(How to complete this task) Leaving the pictures aside, transcribe every line below exactly.

(Dataset excerpt)
---------------
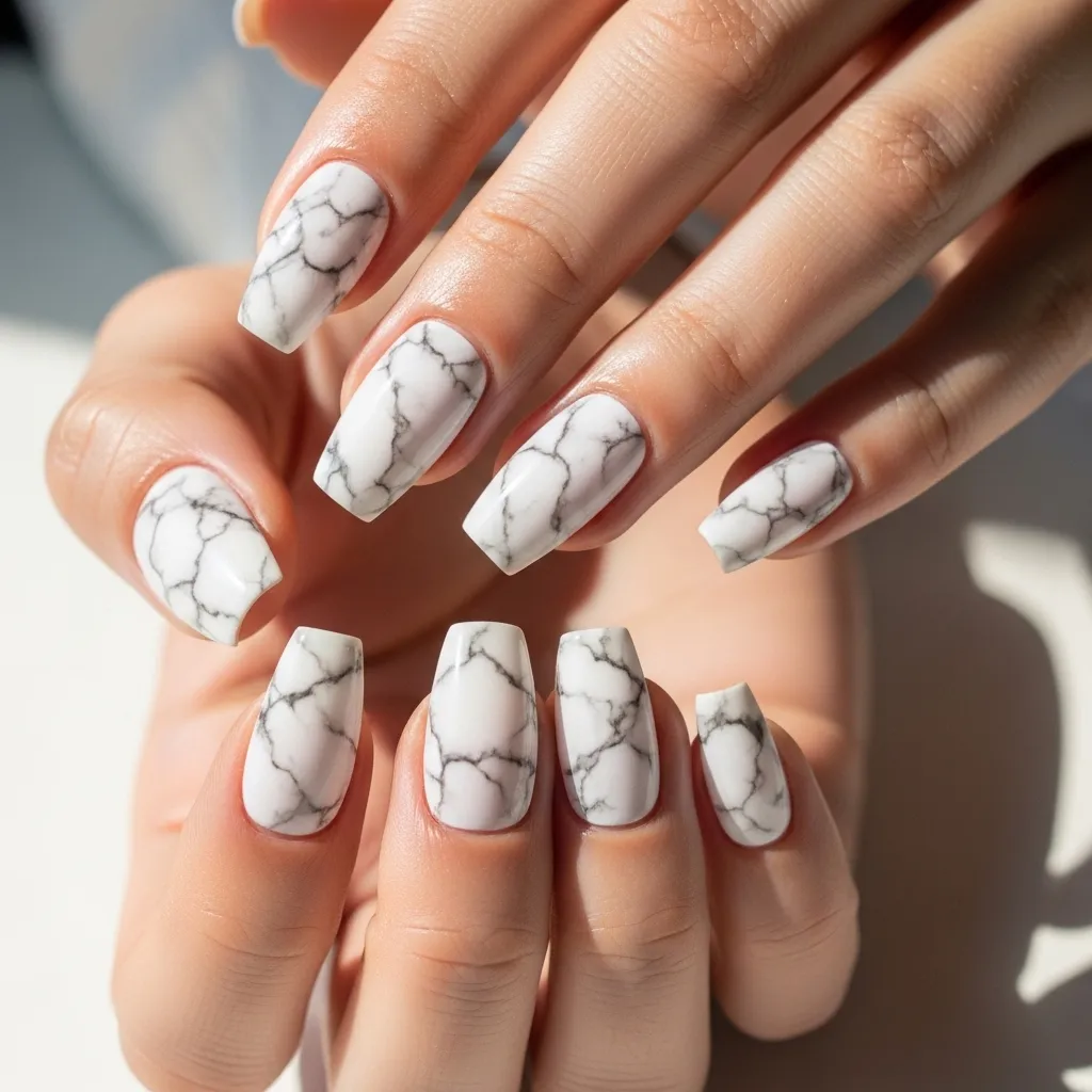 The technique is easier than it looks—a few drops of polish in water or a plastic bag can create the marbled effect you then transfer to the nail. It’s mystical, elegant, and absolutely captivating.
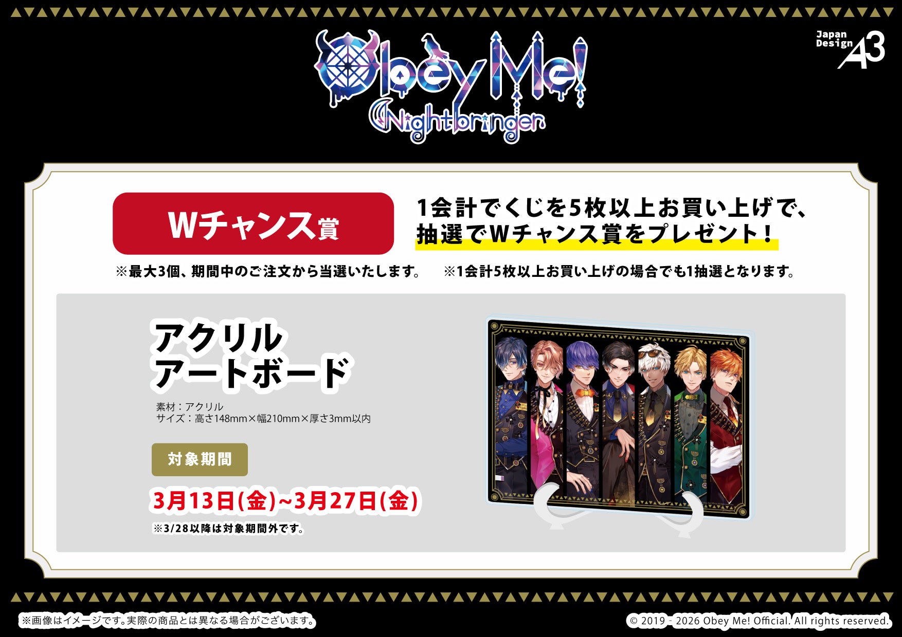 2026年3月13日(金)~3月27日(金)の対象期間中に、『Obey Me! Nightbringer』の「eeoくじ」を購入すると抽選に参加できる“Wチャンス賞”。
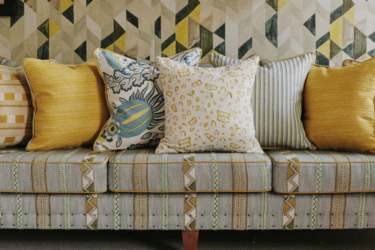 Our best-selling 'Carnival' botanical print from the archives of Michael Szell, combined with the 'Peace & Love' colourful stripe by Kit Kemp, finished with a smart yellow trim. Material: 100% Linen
---------------
(Solution)
 The technique is easier than it looks—a few drops of polish in water or a plastic bag can create the marbled effect you then transfer to the nail. It’s mystical, elegant, and absolutely captivating.
 2026年3月13日(金)~3月27日(金)の対象期間中に、『Obey Me! Nightbringer』の「eeoくじ」を購入すると抽選に参加できる“Wチャンス賞”。
 Our best-selling 'Carnival' botanical print from the archives of Michael Szell, combined with the 'Peace & Love' colourful stripe by Kit Kemp, finished with a smart yellow trim. Material: 100% Linen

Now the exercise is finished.